Upon revealing the true identity of Silence Dogood, Franklin was quickly branded a dangerous and rebellious heretic. Those within Boston’s religious community – including Franklin’s friend, Cotton Mather – distanced themselves from the young man who dared to question the religious status quo. As Franklin put it, “My indiscreet Disputations about Religion began to make me pointed at with Horror by good People, as an Infidel or Atheist” (Franklin, Autobiography, 71).
After moving away from Boston and establishing himself as a successful printer in Philadelphia, Franklin continued his attack on pious religious leaders, who used their faith to control their flock. As Franklin states in one edition of his popular series, Poor Richard’s Almanac, “Sin is not harmful because it is forbidden, but it is forbidden because it is hurtful…Nor is duty beneficial because it is commanded, but it is commanded because it is beneficial.” In another edition Franklin wrote, "Serving God is doing good to man, but praying is thought easier service and therefore is more generally chosen."

With such an early assortment of controversial statements on religion, it is understandable why some people have considered Franklin to be an agnostic or even possibly an atheist. Such a conclusion, however, obscures much of Franklin’s passionate belief in virtue and divinity. For example, though Franklin questioned the authority of the pious ministers of his day, he never doubted the importance of living a virtuous life. Instead of devoting himself to a particular brand of orthodoxy, Franklin chose to invoke the “laws of nature” – a typical Deist principle of his day – which became the backbone of his views on divinity. Franklin’s Thirteen Virtues are a perfect example of how Franklin merged Christian principles with his Deistic philosophy:
1. Temperance. Eat not to Dulness. Drink not to Elevation.
2. Silence. Speak not but what may benefit others or yourself. Avoid trifling Conversation.
3. Order. Let all your Things have their Places. Let each Part of your Business have its Time.
4. Resolution. Resolve to perform what you ought. Perform without fail what you resolve.
5. Frugality. Make no Expense but to do good to others or yourself: i.e. Waste nothing.
6. Industry. Lose no Time. Be always employ'd in something useful. Cut off all unnecessary Actions.
7. Sincerity. Use no hurtful Deceit. Think innocently and justly; and, if you speak, speak accordingly.
8. Justice. Wrong none, by doing Injuries or omitting the Benefits that are your Duty.
9. Moderation. Avoid Extreams. Forbear resenting Injuries so much as you think they deserve.
10. Cleanliness. Tolerate no Uncleanness in Body, Cloaths or Habitation.
11. Tranquility. Be not disturbed at Trifles, or at Accidents common or unavoidable.
12. Chastity. Rarely use Venery but for Health or Offspring; Never to Dulness, Weakness, or the Injury of your own or another's Peace or Reputation.
13. Humility.
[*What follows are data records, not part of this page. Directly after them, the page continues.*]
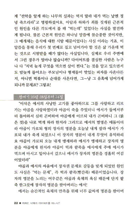 아담과 하와, 에서와 야곱, 이삭, 이스라엘백성, 모압왕 에글로, 삼손, 홉니와 비느하스, 엘리 제사장 등 탐식자를 중심으로 왜 다이어트를 해야 하는지, 40일 금식 후 광야에서 시험을 받으신 예수님과 바울서신을 중심으로 성경에 근거하여 왜 다이어트가 필요한가를 소개한다.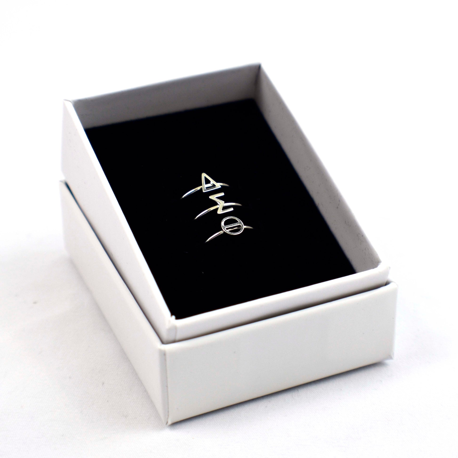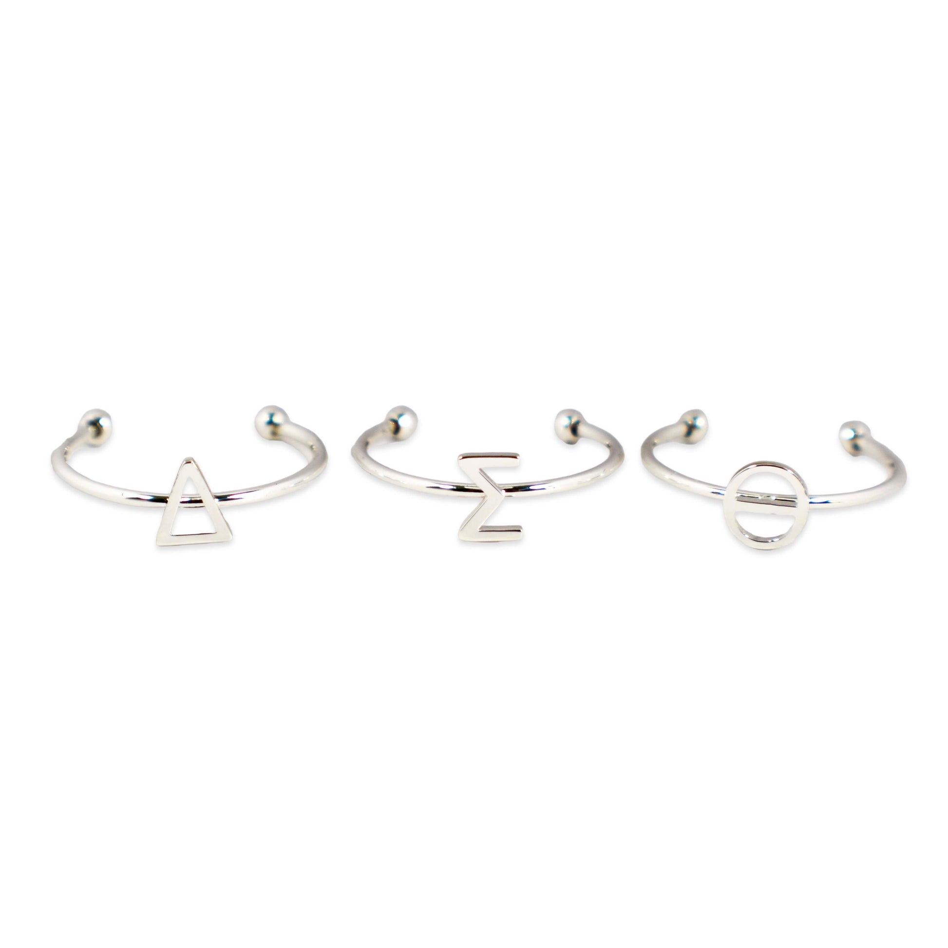 Sorority pride is in the air! Show off your Sigma Kappa sisterhood with these personalized stack rings made of stainless steel and plated with silver. They're perfect for continued wear at home or on campus. The adjustable size of these sorority stackable letter rings means they can be adjusted to fit most fingers. Buy these great stacking rings for yourself or gift it to your sorority sisters on bid day, as big little gifts, events, or birthdays. Showcase your association with these fantastic silver-plated rings.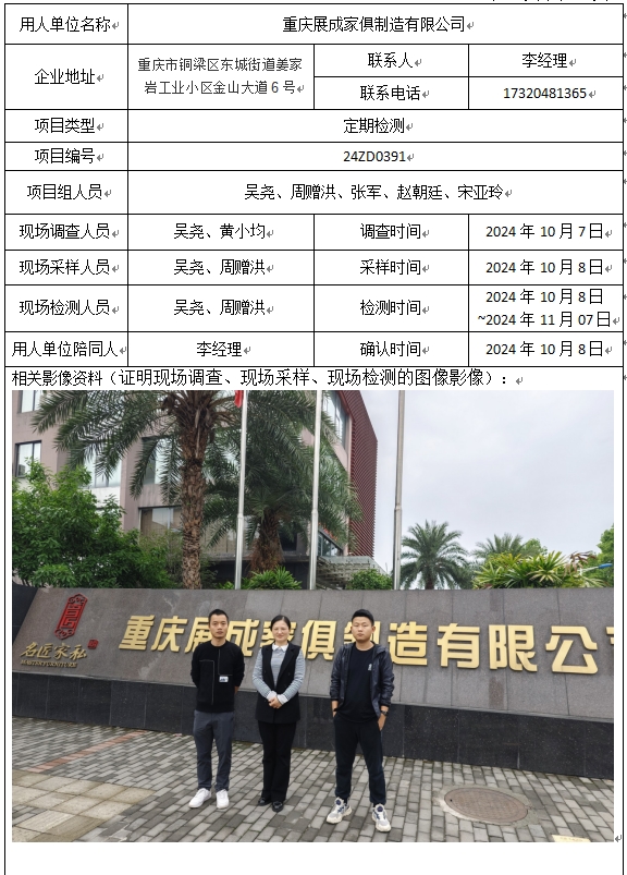 重慶展成家俱制造有限公司定期檢測(cè)報(bào)告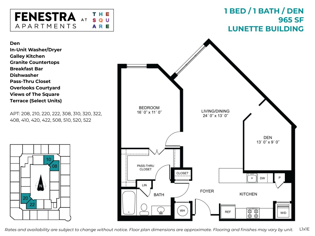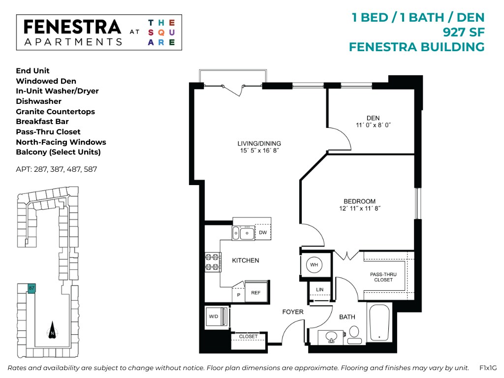 Fenestra - 1 Bed / 1 Bath / Den - Floorplan 1 Floor plans are artist's rendering. All dimensions are approximate. Actual product and specifications may vary in dimension or detail. Not all features are available in every rental home. Please see a representative for details.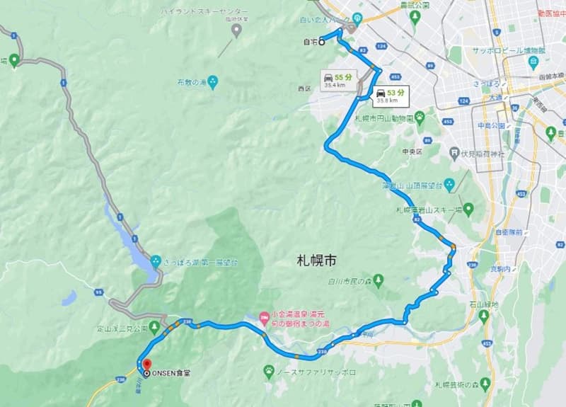 札幌駅から豊平峡温泉行のバスが出ていて、交通機関で直接アクセスすることも可能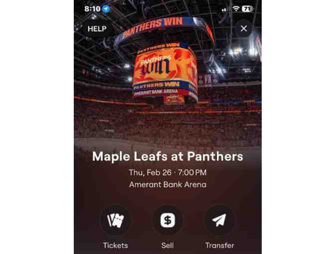 2 Tickets to see the Florida Panthers vs. Toronto Maple Leafs on Thursday, February 26 at 7:00 PM at Amerant Bank Arena, Section 328, row 9, seats 5 and 6; Photograph signed by #67 Brad Marchand; Panthers jersey water bottle koozie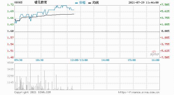 隔夜中概教育股集體大漲,帶動今日港股市場教育股集體走強。其中,睿見教育(6068.HK)漲6.86%,報1.71港元,為連續(xù)第二日反彈,市值37億港元。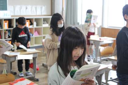 音読するときにどんな工夫をすればよいか考え、練習しました。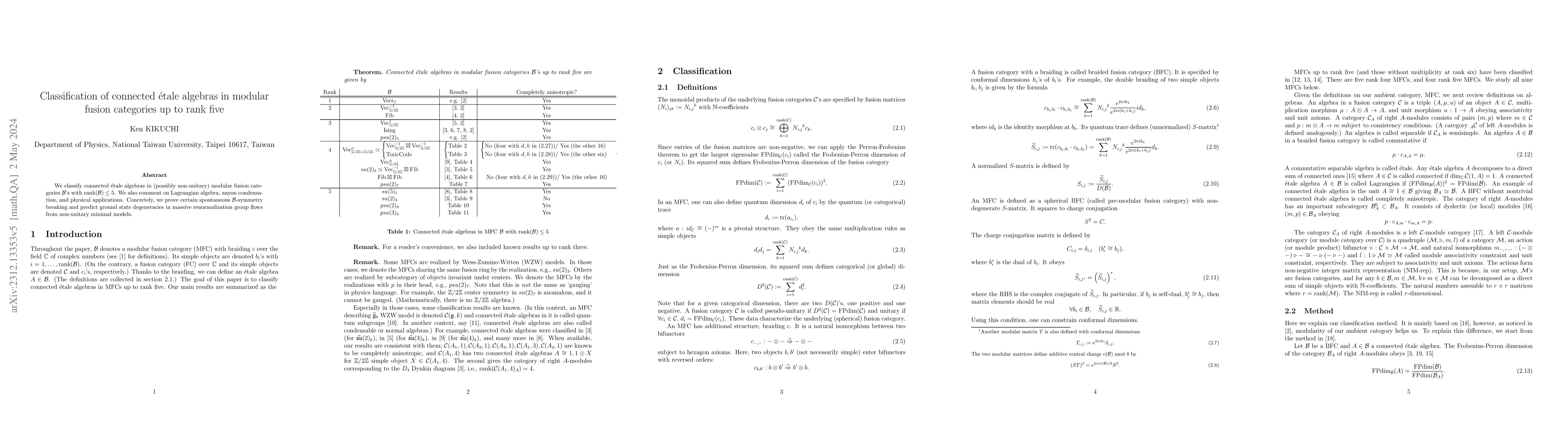This paper classifies connected \'etale algebras in modular fusion categories with rank up to five, exploring spontaneous symmetry breaking and ground state degeneracies in physical applications, including Lagrangian algebra and anyon condensation.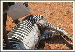 An outbreak of anthrax in wildlife in Lake Nakuru national park which caused a threat to populations of endangered species such as rhino and Rothschild giraffe was controlled through vaccination, proper carcass disposal and disinfection. In Samburu national reserve a Grevys zebra was treated for injuries sustained in a predator attack. Other cases are described in the following report.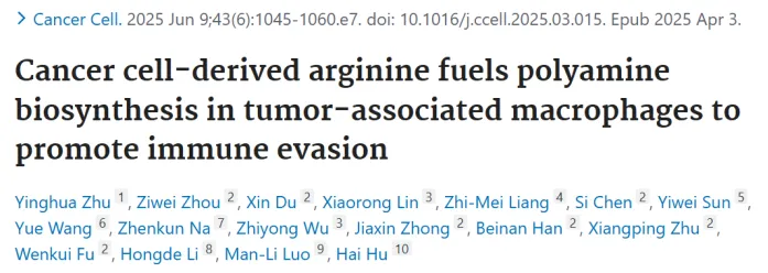 2025 年 6 月,浙江省肿瘤医院,中国科学院杭州医学研究所胡海教授团队在国际著名期刊 Cancer Cell 杂志上发表题为 Cancer cell-derived arginine fuels polyamine biosynthesis in tumor-associated macrophages to promote immune evasion 的研究论文,阐明了乳腺癌细胞分泌的精氨酸可诱导肿瘤相关巨噬细胞(TAMs)向促肿瘤表型极化,进而抑制 CD8⁺ T 细胞的抗肿瘤活性的分子机制,为靶向 “精氨酸 - 多胺 - TDG” 代谢轴重塑肿瘤免疫微环境、提升乳腺癌免疫治疗疗效提供了新的理论依据与潜在靶点。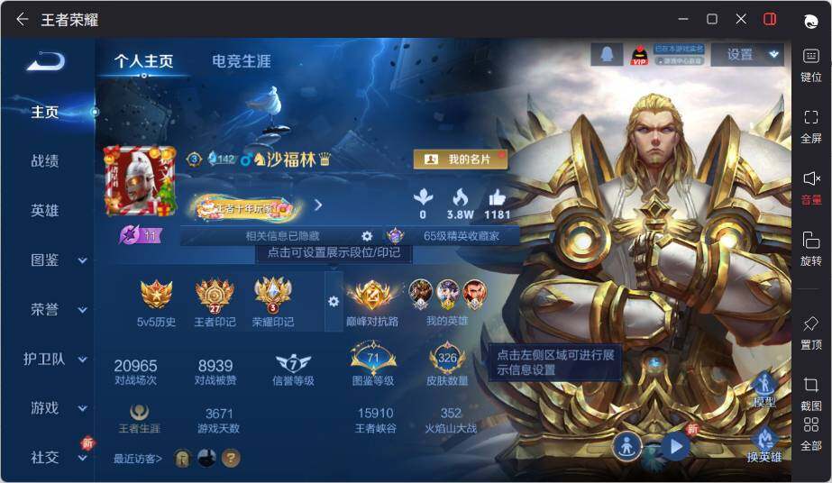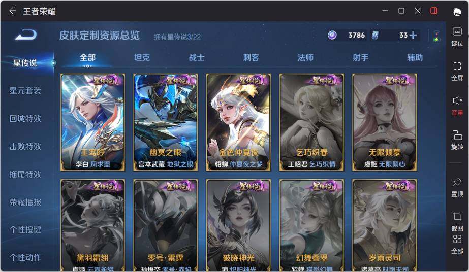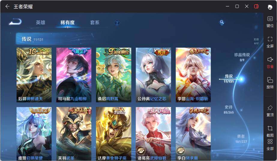 - [10992412]V7 1典藏 1珍品传说 4传说 122英雄 205皮肤 可修改实名 荣耀水晶:拾光映像(瑶典藏) 珍品传说:时之奇旅-孙策 传说皮:典韦战鼓燎原,地狱火,猫影幻舞 珍宝阁皮:妄想食味 限定皮:鸣野蒿,梅西,遇见飞天,梁祝,天狼溯光者,李小龙,大圣娶亲 史诗皮:茶境仙,器灵·浮梦炉,龙之律动,石田雨龙,百相守梦-百里守约,化蝶舞,苍穹之光,黄金分割率,特工魅影,千年之狐,龙骑士(小龙虾),末日机甲-吕布,修罗,女仆咖啡,摇滚巨星,水果甜心,星夜王子,德古拉伯爵,暗隐猎兽者,幽灵船长,鬼剑武藏,心灵战警,乐园奇幻夜,天秀·启明,地狱岩魂,纤云弄巧,缤纷独角兽,月团寄思,水晶猎龙者,曙光守护者,金属风暴,圣诞狂欢,圣诞恋歌,鹰眼统帅,魅力维加斯,未来纪元-赵云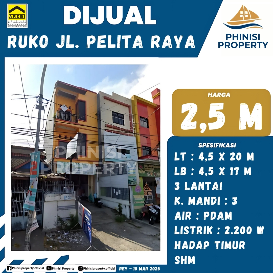 Dijual ruko 3 lantai yang berlokasi strategis di Jl. Pelita Raya, menawarkan peluang bisnis yang menjanjikan di kawasan yang ramai. Properti ini memiliki spesifikasi luas tanah 4,5 x 20 meter dan luas bangunan 4,5 x 17 meter, dilengkapi dengan 3 kamar mandi, fasilitas air PDAM, dan daya listrik 2.200 watt. Dengan sertifikat Hak Milik (SHM) yang menjamin legalitas, ruko ini sangat ideal untuk berbagai jenis usaha, mulai dari perkantoran, butik, hingga retail. Berhadapan dengan timur, ruko ini mendapatkan pencahayaan yang optimal dan visibilitas yang baik. Pilihan investasi yang tepat bagi pengusaha yang mencari lokasi premium dan prospek bisnis yang cerah.

Imitate Jesus and Socrates.
In addition to this personal code of conduct, Franklin sought to “amend” a number of Christian creeds and beliefs. His version of the Lord’s Prayer is an excellent example of how Franklin stripped the miracles of Christianity from his personal liturgy.

Perhaps the most telling evidence of Franklin’s personal beliefs comes from his infamous letter to Ezra Stiles in 1790. In the letter, Franklin states:
You desire to know something of my Religion. It is the first time I have been questioned upon it: But I do not take your Curiosity amiss, and shall endeavour in a few Words to gratify it. Here is my Creed: I believe in one God, Creator of the Universe. That He governs it by his Providence. That he ought to be worshipped. That the most acceptable Service we can render to him, is doing Good to his other Children. That the Soul of Man is immortal, and will be treated with Justice in another Life respecting its Conduct in this. These I take to be the fundamental Principles of all sound Religion, and I regard them as you do, in whatever Sect I meet with them. As to Jesus of Nazareth, my Opinion of whom you particularly desire, I think the System of Morals and his Religion as he left them to us, the best the World ever saw, or is likely to see; but I apprehend it has received various corrupting Changes, and I have with most of the present Dissenters in England, some Doubts as to his Divinity: tho' it is a Question I do not dogmatise upon, having never studied it, and think it needless to busy myself with it now, when I expect soon an Opportunity of knowing the Truth with less Trouble [my emphasis].
Franklin's Deistic leanings are augmented when we consider the fact that he not only questioned the divinity of Jesus Christ – as evidenced by the Ezra Stiles letter – but that he also questioned the infallibility of the Bible. The fact that he also rejected the ordinances of communion and confirmation, combined with his lack of regular church attendance serve as ample evidence that Franklin was far from an orthodox Christian. Franklin’s own admission that he was “a thorough Deist” virtually ends the dispute over his religious leanings (Franklin, Autobiography, 114).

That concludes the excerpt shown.